PENALTIES AND LOST LEADS
Over the last two to three years, Google has taken major steps to protect its users from clicking on hacked sites. Perhaps you’ve even seen Google’s warning messages, such as, “This site may harm your computer,” when browsing a search results page. People will rarely click on sites with that notification? This warning alone is enough to lose sales — permanently.
Beyond warning consumers, Google may also potentially penalize a hacked site by effectively removing it from its search results pages until action is taken. If a website utilizes Google Search Console, a web manager may receive a message like the one shown to the left.

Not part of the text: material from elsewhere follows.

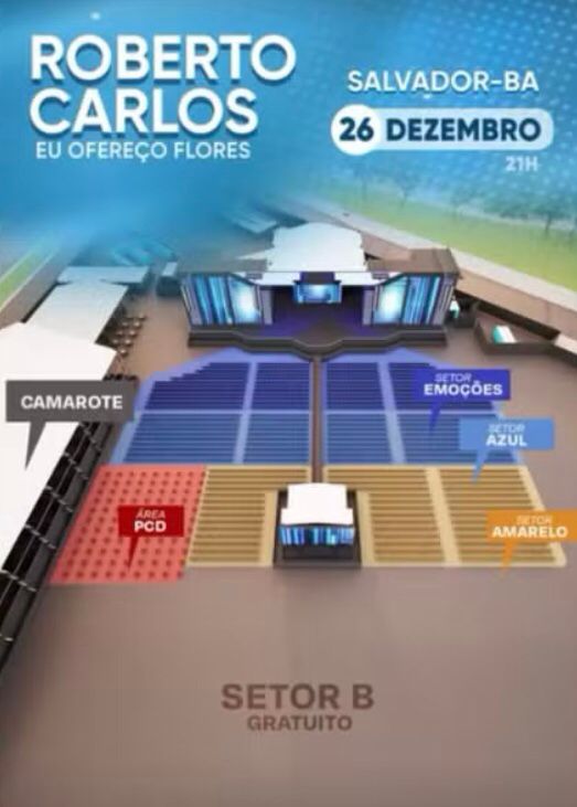 O Rei Roberto Carlos vai desembarcar em Salvador para realização de um show gratuito marcado para o dia 26 de dezembro, na Arena O Canto da Cidade, no bairro da Boca do Rio. A produção do evento divulgou o mapa e os setores da festa, através das redes sociais.

Of course, if a company’s website is not ranking on Google for keywords relevant to its business, the business, without question, is losing leads and sales. Considering that Google’s organic search is responsible for more than half the traffic most HVAC contractor websites gain, having a site banned from Google is a major issue.
It’s hard to believe the number of business owners who invest thousands of dollars on search engine optimization (SEO) in order to improve their sites’ first-page rankings but then have to remove their sites from Google because they were pennywise and pound foolish regarding their website hosting and website maintenance procedures. Don’t be one of them.
LOSS OF TIME AND MONEY
In addition to the leads and sales a company’s losing while the hacked site has been penalized by Google, management is also going to lose money paying a website developer to diagnose and fix the problem. Sometimes the fix is simple, but, other times, years of neglect lead to complex and costly fixes. Sometimes things are so serious we recommend the website be completely rebuilt.
Like most things, an ounce of prevention is worth a pound of cure. The first step to prevent a website from being hacked is to select a reputable website hosting company. I know some web marketing companies host their clients’ sites from an old computer in the garage. A company’s website isn’t a hobby; it’s a growth engine. Treat it that way.
Also, use strong passwords. One of the reasons so many small business websites get hacked is because the business owner, its marketing gal, or web development company uses passwords like, “admin123” or “soccer” or “password.”
When it comes to creating passwords for a website hosting account and the website’s content management system (and the MySQL database related to the CMS), do not use the same passwords that are used for every other site, and use passwords that are at least eight characters and that include upper/lowercase letters, numbers, and symbols.
Finally, keep the website’s content management system (e.g., WordPress, Joomla, etc.) up to date. Most content management systems (CMS) use plugins. From time to time, plugins are updated — mostly to patch an identified security update. When plugins update, a facilitator must update the site. A good Web marketing firm can do this via some type of webmaster services agreement or as part of the hosting package.
Most HVAC contractors spend as little time thinking about their websites as possible. That’s understandable. Owners have businesses to run, equipment to install and repair, and customer and employee issues to deal with. The last thing on upper management’s mind is monitoring a website to see whether or not it’s been hacked.
But, hacked websites aren’t a problem limited to big companies or fancy e-commerce websites. Small business websites get hacked all the time. Some owners have no idea it has happened to them until they get a seemingly bizarre call from a prospect, customer, or vendor telling them the bad news.
The company’s website is one of its most valuable assets. Not taking some minimal steps to secure it is like leaving the front door unlocked. Even in the safest parts of town, in my opinion, that’s not a good idea.